小嶋陽菜涙で卒業 4151日のアイドル人生に幕

卒業公演で歌う小嶋陽菜(中央)(C)AKS

 AKB48小嶋陽菜が29歳の誕生日の19日、東京・秋葉原のAKB48劇場で卒業した。1期生としてデビューしてから11年5カ月。AKB48グループでは最後の昭和生まれで、黄金期を引っ張った初期メンバーの最後のビッグネームが、制服を脱いだ。1期生としてともにグループを引っ張ってきた高橋みなみ(26)がエールを送った。小嶋は今後、モデル業を中心としたマルチなタレントとして活動していく。

 長らくAKB48に尽くしてきた小嶋には、最後にとっておきのお返しが待っていた。育ての親、秋元康総合プロデューサーからの卒業証書代わりの手紙だ。

 「フニャフニャしてて手を抜いているようにみえて、実は誰よりもまじめで責任感があって、AKB48を愛し続けてくれた君に、心の底から感謝します」

 「2年前に卒業していたら、こんな手紙をいただけなかった。長くやってきて良かったと思える1番の出来事かも。やってて良かった…」と、大粒の涙を流して受け取った。「同期が次々にやめていっても、私はAKB48が好きだから続けてきたの」。14年5月に起きたAKB48握手会襲撃事件で、卒業を思いとどまり、グループへの恩返しのために活動してきた。全てが報われた瞬間だった。

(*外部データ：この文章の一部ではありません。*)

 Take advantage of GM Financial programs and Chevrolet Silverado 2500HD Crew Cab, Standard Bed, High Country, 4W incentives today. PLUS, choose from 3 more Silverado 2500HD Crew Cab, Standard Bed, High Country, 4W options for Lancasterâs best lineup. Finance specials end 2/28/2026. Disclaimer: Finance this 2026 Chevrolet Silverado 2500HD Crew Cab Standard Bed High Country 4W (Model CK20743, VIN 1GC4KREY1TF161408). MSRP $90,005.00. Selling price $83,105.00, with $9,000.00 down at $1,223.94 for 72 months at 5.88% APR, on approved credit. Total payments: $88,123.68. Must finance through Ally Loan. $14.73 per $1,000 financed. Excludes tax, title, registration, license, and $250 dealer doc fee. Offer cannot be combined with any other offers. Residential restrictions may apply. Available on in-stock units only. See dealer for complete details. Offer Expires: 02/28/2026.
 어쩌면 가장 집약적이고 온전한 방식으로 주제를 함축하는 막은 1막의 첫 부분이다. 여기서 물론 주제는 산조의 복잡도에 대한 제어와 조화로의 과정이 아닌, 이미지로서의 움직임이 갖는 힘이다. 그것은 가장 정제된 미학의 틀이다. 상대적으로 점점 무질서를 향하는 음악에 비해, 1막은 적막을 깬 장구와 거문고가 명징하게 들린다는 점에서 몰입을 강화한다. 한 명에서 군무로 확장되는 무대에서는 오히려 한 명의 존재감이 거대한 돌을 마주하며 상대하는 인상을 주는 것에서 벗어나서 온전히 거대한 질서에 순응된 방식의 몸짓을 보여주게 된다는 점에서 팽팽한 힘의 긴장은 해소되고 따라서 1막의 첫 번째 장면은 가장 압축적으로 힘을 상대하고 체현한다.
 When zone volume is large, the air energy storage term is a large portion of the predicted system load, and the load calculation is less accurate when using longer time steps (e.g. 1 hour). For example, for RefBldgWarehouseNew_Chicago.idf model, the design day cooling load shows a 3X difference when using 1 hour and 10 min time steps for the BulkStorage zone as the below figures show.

 卒業公演にも、小嶋の優しさと愛が詰まっていた。1曲目からAKBメンバー全88人と歌った。同期生でユニットのノースリーブスを8年共にしてきた高橋みなみと峯岸みなみとも歌った。2月の卒業コンサートでは、前田敦子ら元祖神セブンで披露したデビュー当時の思い出の曲「スカート、ひらり」は、「次世代を担うかわいい新神セブンと一緒に」と、エース向井地美音や13歳の久保怜音らとミニスカートを翻した。

 3月31日に卒業特集が組まれた音楽番組「ミュージックステーション」でも、118人もの後輩たちを出演させて、全メンバーの名前をクレジットでも画面に流してあげ、タモリに促された最後のあいさつでも、自分のことではなく「今後のAKB48もよろしくお願いします」と、グループを売り込んだ。ずっと冗談と脱力スタイルで照れを隠してきていたが、秘めていたグループ愛は、重さも意味も深かった。

 この夜のアンコールでは、デビュー曲「桜の花びらたち」を歌い終えると、「これから困難があって不安になっても、12年前の私たち1期生も同じ気持ちでここでこの曲を歌っていました。だから、この劇場があるみんなも、きっと何でも乗り越えられる」と、泣きじゃくる後輩たちを励ました。お決まりの「卒業後の私もよろしく」などとは、最後までひと言も口にしなかった。